To Claire, this had meant birth control. To her boyfriend, this had meant convincing Claire to adopt. To humots, this had meant getting rid of the surplus humans. This would conclude in less waste, less violence, fewer people. Children were the more selfish, so why not start with them?

The humots passed, leaving Claire with white knuckles around her backpack straps. The idea of setting up shelter in the back of the store ached in her mind, but she dismissed the thought and started walking back to the church. The children she had saved would be there.

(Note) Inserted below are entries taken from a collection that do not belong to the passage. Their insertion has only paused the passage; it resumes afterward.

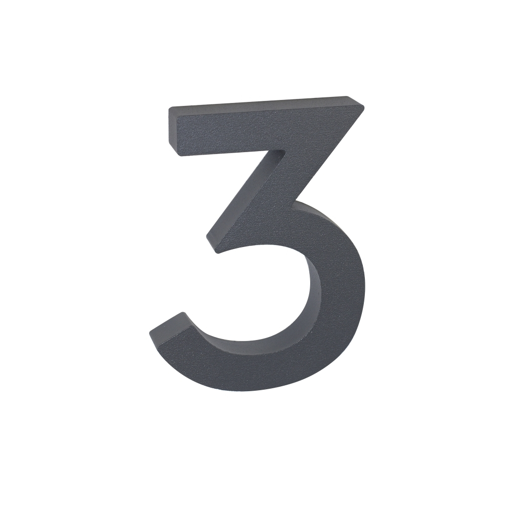 Domovní číslo "3" využijete při identifikaci objektů - jako součást popisného čísla na fasádě domu, firmy či jiných budov. Je vyrobené z hliníku a má strukturovaný povrch v barvě matného antracitu. Všechna čísla a znaky z této řady mají stejnou výšku i tloušťku. Poskládáte si tak popisné a orientační číslo v jednom stylu.
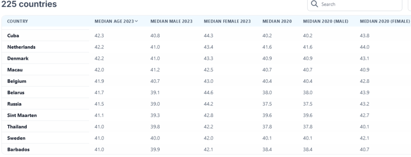 За три года медианный возраст населения страны увеличился на три года, пишет Thinktanks со ссылкой на данные исследовательского ресурса worldpopulationreview.com. И этот процесс продолжается.
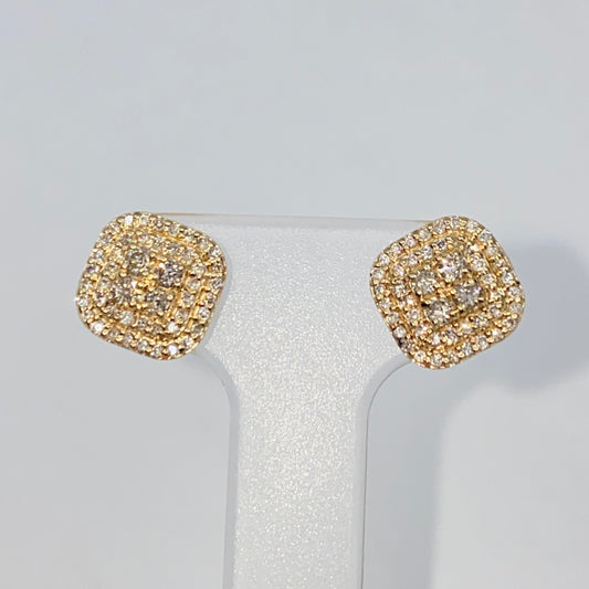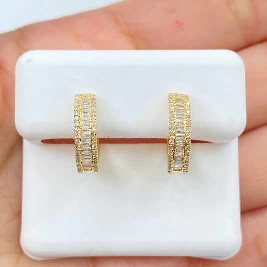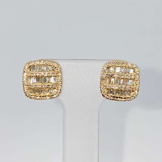 14K 8.7MM Rounded Square Baguette Diamond Earrings
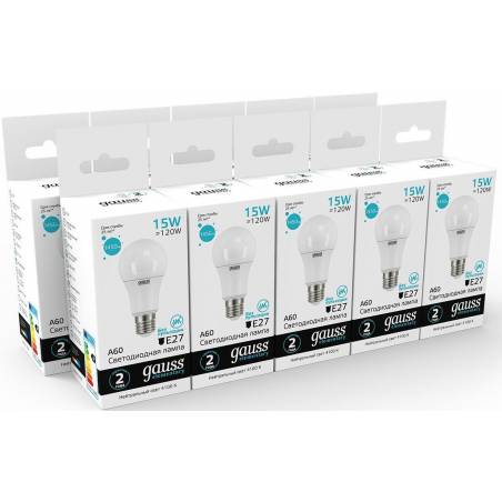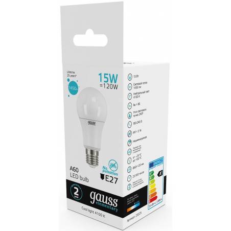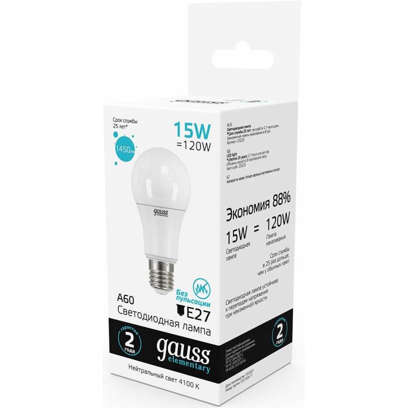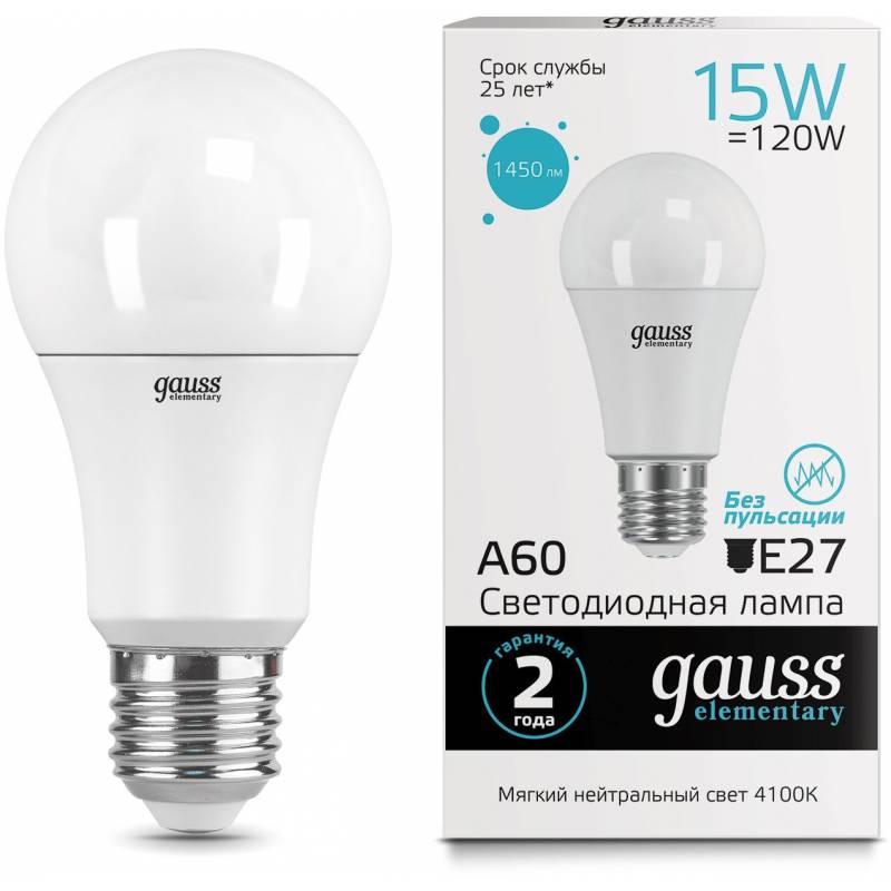 Лампа светодиодная Gauss Elementary 15Вт цок.:E27 груша 220B 4100K св.свеч.бел.нейт. A60 (упак.:10шт) (23225)
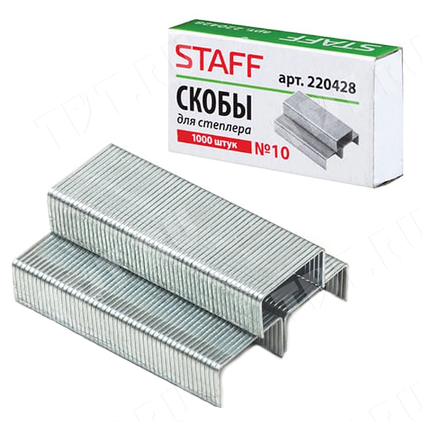 Скобы STAFF для степлера №10, в упаковке по 1000 штук, сшивают до 20 листов бумаги, серебристого цвета, код производителя 220428, размером 10 мм. Материал – сталь с цинковым покрытием. Производится в Китае.

Rounding the corner to the street of the church, Claire didn't notice any difference to the setting. She pushed on the doors to the church entrance and they swung open. Looking around, she didn't see the children.

‘Guys!’ Claire’s voice echoed inside the vast church.

When there was no response, she rushed to the back room. Empty. Going along the middle aisle, she looked down each pew, trying to spot some small bundle of human hiding under the seats. She started to worry, but then a small creak came from above her head. She looked up. The eldest child was peeking down at her from the choir balcony.

‘What are you doing up there?’ Claire felt relief as well as her usual annoyance.

‘We thought it would be safer up here.’ The girl said. ‘And there are blankets to sleep on.’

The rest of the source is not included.